The Special Investigative Service (SIS) pledged to look into the ugly scenes filmed by various media outlets and questioned a number of deputies in the following days. It said on Tuesday that it will launch a formal criminal investigation into the beating of only one Hayastan deputy, Gegham Manukian.

One of the video clips circulated on the Internet shows that Manukian was assaulted by Hayk Sargsian, a controversial Civil Contract member. The SIS said on Wednesday nobody has been charged in connection with that that assault yet.

A senior Hayastan figure, Artsvik Minasian, condemned the SIS’s decision, saying that the law-enforcement agency is carrying out a “political order.” He said that is further proof that Armenia’s political leadership orchestrated the violence to bully the opposition and create an atmosphere of impunity in the country.

Daniel Ioannisian of the Yerevan-based Union of Informed Citizens also criticized the SIS’s stance.

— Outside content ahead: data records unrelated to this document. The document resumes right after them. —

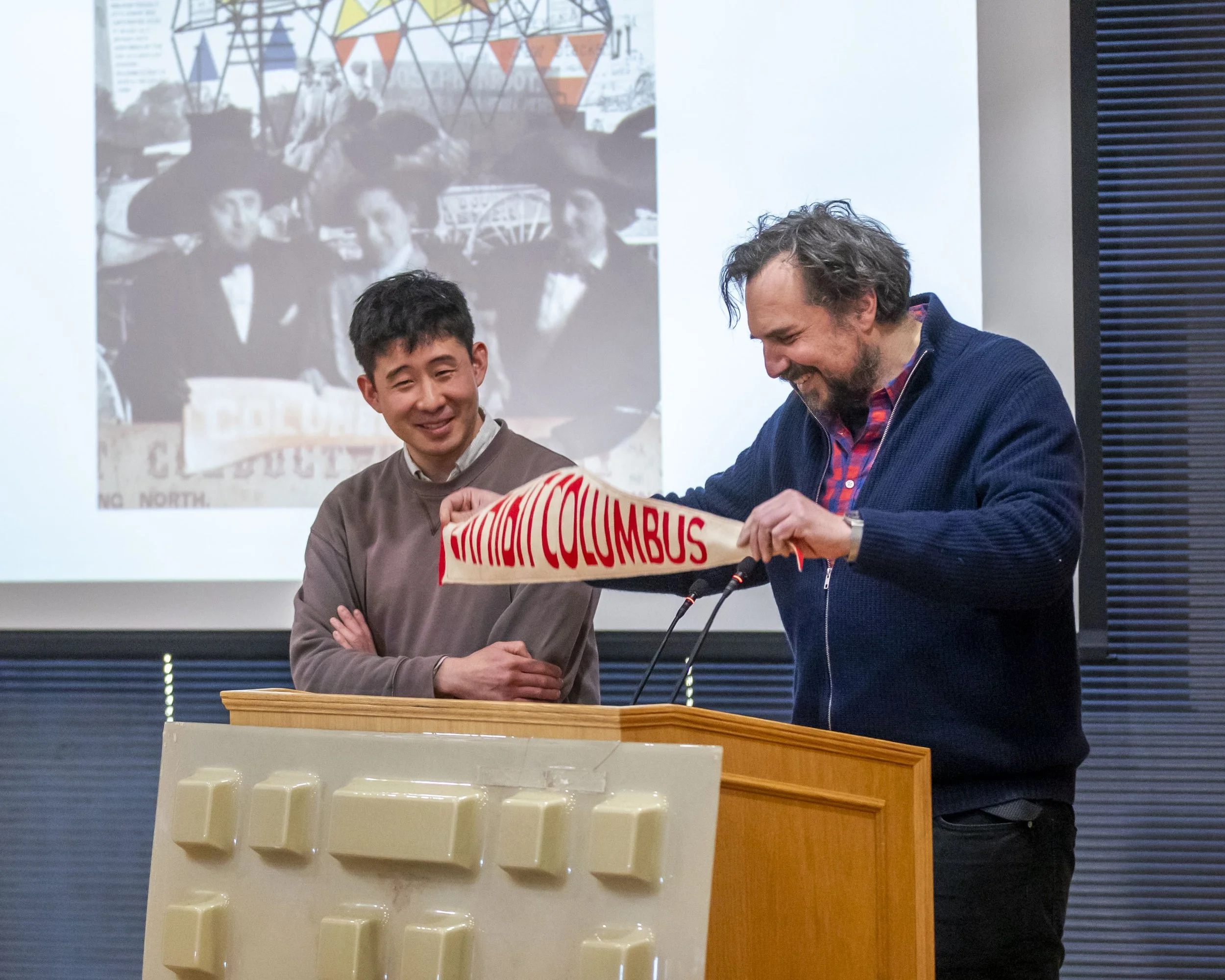 University Design Research Fellows Aleksandr Mergold, Andrew Fu, and Aaron Goldstein had never been to Columbus before last October, but as practicing architects, they knew it was a mid-century mecca.
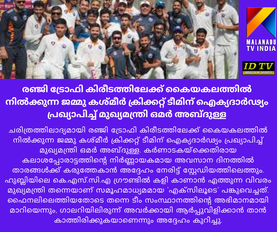 ഹുബ്ലി : ചരിത്രത്തിലാദ്യമായി രഞ്ജി ട്രോഫി കിരീടത്തിലേക്ക് കൈയകലത്തിൽ നിൽക്കുന്ന ജമ്മു കശ്മീർ ക്രിക്കറ്റ് ടീമിന് ഐക്യദാർഢ്യം പ്രഖ്യാപിച്ച് മുഖ്യമന്ത്രി ഒമർ അബ്ദുള്ള. കർണാടകയ്ക്കെതിരായ കലാശപ്പോരാട്ടത്തിന്റെ നിർണ്ണായകമായ അവസാന ദിനത്തിൽ താരങ്ങൾക്ക് കരുത്തേകാൻ അദ്ദേഹം നേരിട്ട് സ്റ്റേഡിയത്തിലെത്തും.ഹുബ്ലിയിലെ കെ.എസ്.സി.എ ഗ്രൗണ്ടിൽ കളി കാണാൻ എത്തുന്ന വിവരം മുഖ്യമന്ത്രി തന്നെയാണ് സമൂഹമാധ്യമമായ ‘എക്സിലൂടെ’ പങ്കുവെച്ചത്. ഫൈനലിലെത്തിയതോടെ തന്നെ ടീം സംസ്ഥാനത്തിന്റെ അഭിമാനമായി മാറിയെന്നും, ഗാലറിയിലിരുന്ന് അവർക്കായി ആർപ്പുവിളിക്കാൻ താൻ കാത്തിരിക്കുകയാണെന്നും അദ്ദേഹം കുറിച്ചു.ആദ്യ ഇന്നിംഗ്സിൽ കൂറ്റൻ സ്കോർ പടുത്തുയർത്തിയ ജമ്മു കശ്മീർ നിലവിൽ കിരീടത്തിന് തൊട്ടരികിലാണ്. ആദ്യ ഇന്നിംഗ്ഗ്സില് ജമ്മു കശ്മീർ 584 റൺസ് നേടിയപ്പോൾ മറുപടി ബാറ്റിംഗിനിറങ്ങിയ കർണാടക 293 റൺസിന് പുറത്തായി. 291 റൺസിന്റെ കൂറ്റൻ ലീഡാണ് കശ്മീർ സ്വന്തമാക്കിയത്. ഈ സീസണിലെ തന്റെ തകർപ്പൻ ഫോം തുടരുന്ന പേസർ ആഖിബ് നബി 54 റൺസിന് 5 വിക്കറ്റ് വീഴ്ത്തി കർണാടകയുടെ നടുവൊടിച്ചു. നാലാം ദിനം കളി അവസാനിക്കുമ്പോൾ ജമ്മു കശ്മീർ രണ്ടാം ഇന്നിംഗ്സില് 4 വിക്കറ്റ് നഷ്ടത്തിൽ 186 റൺസ് എന്ന നിലയിലാണ്. 94 റൺസുമായി പുറത്താകാതെ നിൽക്കുന്ന ഓപ്പണർ ഖമ്രാൻ ഇക്ബാലാണ് കശ്മീരിനെ സുരക്ഷിത സ്ഥാനത്ത് എത്തിച്ചത്.ക്യാപ്റ്റൻ പരസ് ദോഗ്രയുടെ നേതൃത്വത്തിലിറങ്ങുന്ന ജമ്മു കശ്മീർ ടീം, അഞ്ചാം ദിനം വലിയ അട്ടിമറികളൊന്നും സംഭവിച്ചില്ലെങ്കിൽ ഒന്നാം ഇന്നിംഗ്സ് ലീഡിന്റെ കരുത്തില് ചരിത്രത്തിലാദ്യമായി രഞ്ജി ട്രോഫിയിൽ മുത്തമിടും. മുഖ്യമന്ത്രിയുടെ സാന്നിധ്യം താരങ്ങളുടെ ആത്മവിശ്വാസം വർധിപ്പിക്കുമെന്നുറപ്പാണ്.
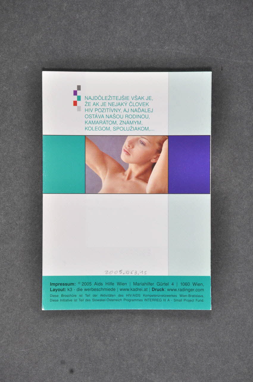 impressum: ©2005 Aids Hilfe Wien Mariahilfer Gütel 4 1060 Wien (Date et lieu d'impression inscrit dans le bas de l'arrière du dépliant), en basDécor
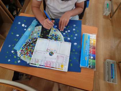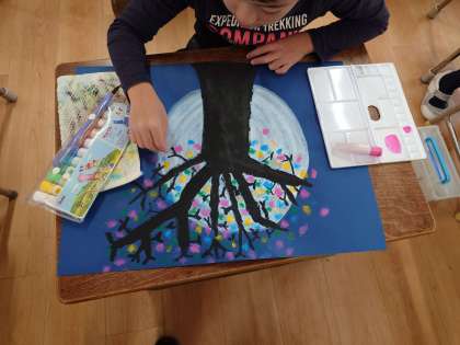 白い雪や雪に反射した光をスタンピングで上手に表現できていました♪
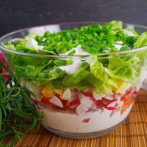 Wiosenna sałatka warstwowa z serkiem wiejskim – szybka i smaczna
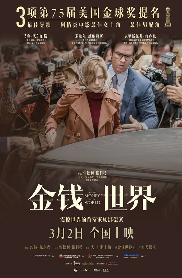 由雷德利·斯科特执导,马克·沃尔伯格、米歇尔·威廉姆斯、克里斯托弗·普卢默共同主演的电影《金钱世界》将于3月2日登陆全国院线。
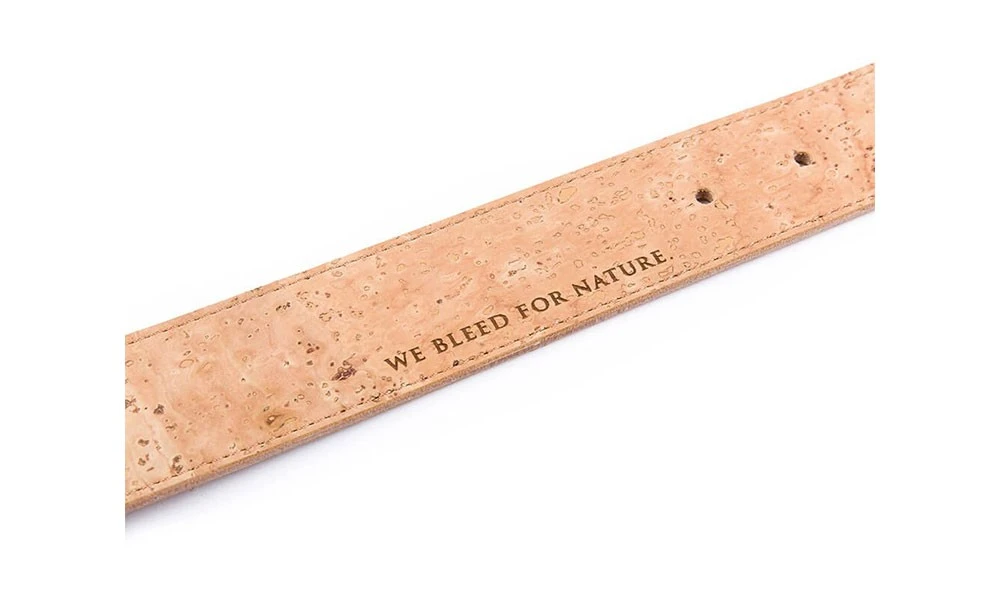 The Cork Belt by BLEED is a robust, sustainably produced belt made from waste paper and cork. It is 3.5 cm wide. The BLEED logo along with the slogan “We bleed for nature” are delicately burned into the material. The Cork Belt is not only practical, but is also a real eye-catcher thanks to the unusual cork look.
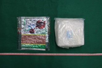 During an anti-narcotics operation conducted in Sheung Shui yesterday afternoon, Customs officers intercepted a 15-year-old male and found that the batch of suspected methamphetamine was concealed inside some tea leaf packaging bags in a suitcase carried by him. The man was then arrested.
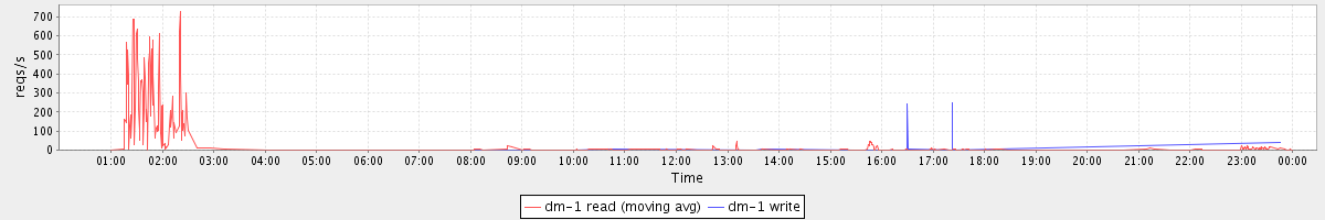 avg(dm-0 read) = 689.62 avg(dm-0 write) = 209.09
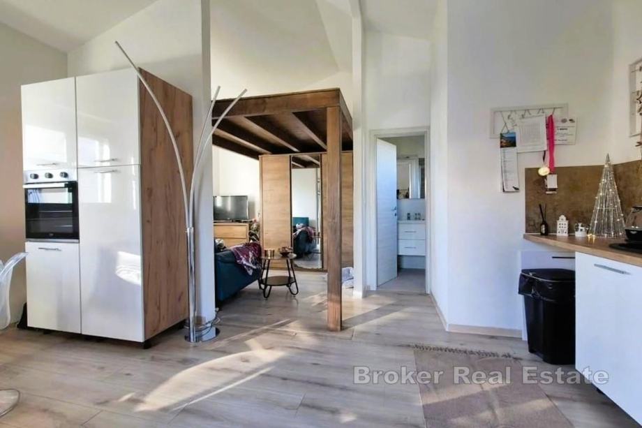Na katu se nalazi stan površine 35 m² koji se sastoji od dnevnog dijela s kuhinjom, spavaće sobe i kupaonice.
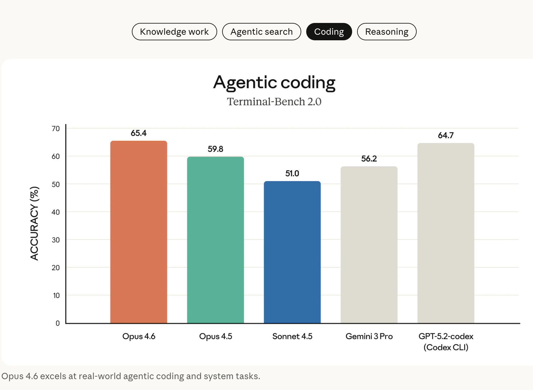 - 能力提升显著:在编程、Agent 操作和计算机使用场景中,相比 Opus 4.5 有明显提升。在代理式编程评测集 Terminal-Bench 2.0 上,Opus 4.6 的表现超过 GPT-5.2,达到了 SOTA 水平。
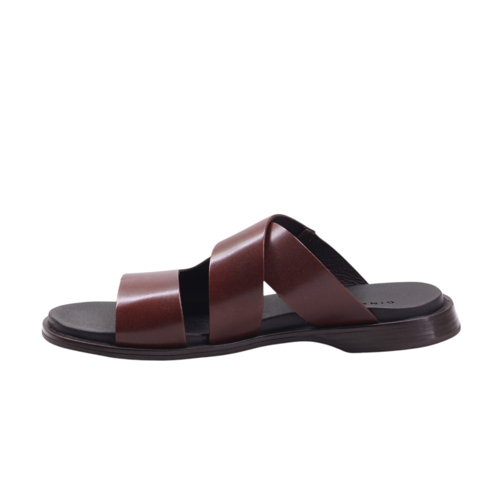 Sandalia para caballero marca Gino Cherruti en color caoba. Modelo de uso casual con terminado en piel lisa, este modelo se distingue por su calidad y comodidad. Lo puedes usar tanto en casa como en caminatas casuales, hará que estés cómodo a cada paso.

He said his Western-funded civic group, which has closely examined the August 25 violence, will likely complain to the Office of the Prosecutor-General.

In a detailed analysis and a video clip posted on his Facebook page last week, Ioannisian named nine pro-government lawmakers involved in the violence and even counted the number of punches thrown by each of them.

“It is evident to any sensible person that a number of deputies … carried out actions banned by the Criminal Code in front of the whole country,” Ioannisian told RFE/RL’s Armenian Service. “Failure to prosecute them would send the public a message to effect that one can solve political issues by force and get away with that.”

The civic activist also emphasized the fact uniformed security officers waited for about a minute before stepping in to stop the brawl. He said they acted far more quickly when a less serious scuffle broke out on the parliament floor earlier on August 25 after Hayastan’s parliamentary leader, Seyran Ohanian, threw a plastic bottle at Civil Contract’s Sargsian.

“The actions of the State Protection Service on that day … show that its officers present in the chamber at that point were carrying out a political order or satisfying the ruling team’s political wishes,” charged Ioannisian.

Civil Contract’s Artur Hovannisian, one of the pro-government parliamentarians who punched vice-speaker Saghatelian, defended the SIS’s decision. Hovannisian also blamed the opposition bloc -- and Ohanian in particular -- for the violence.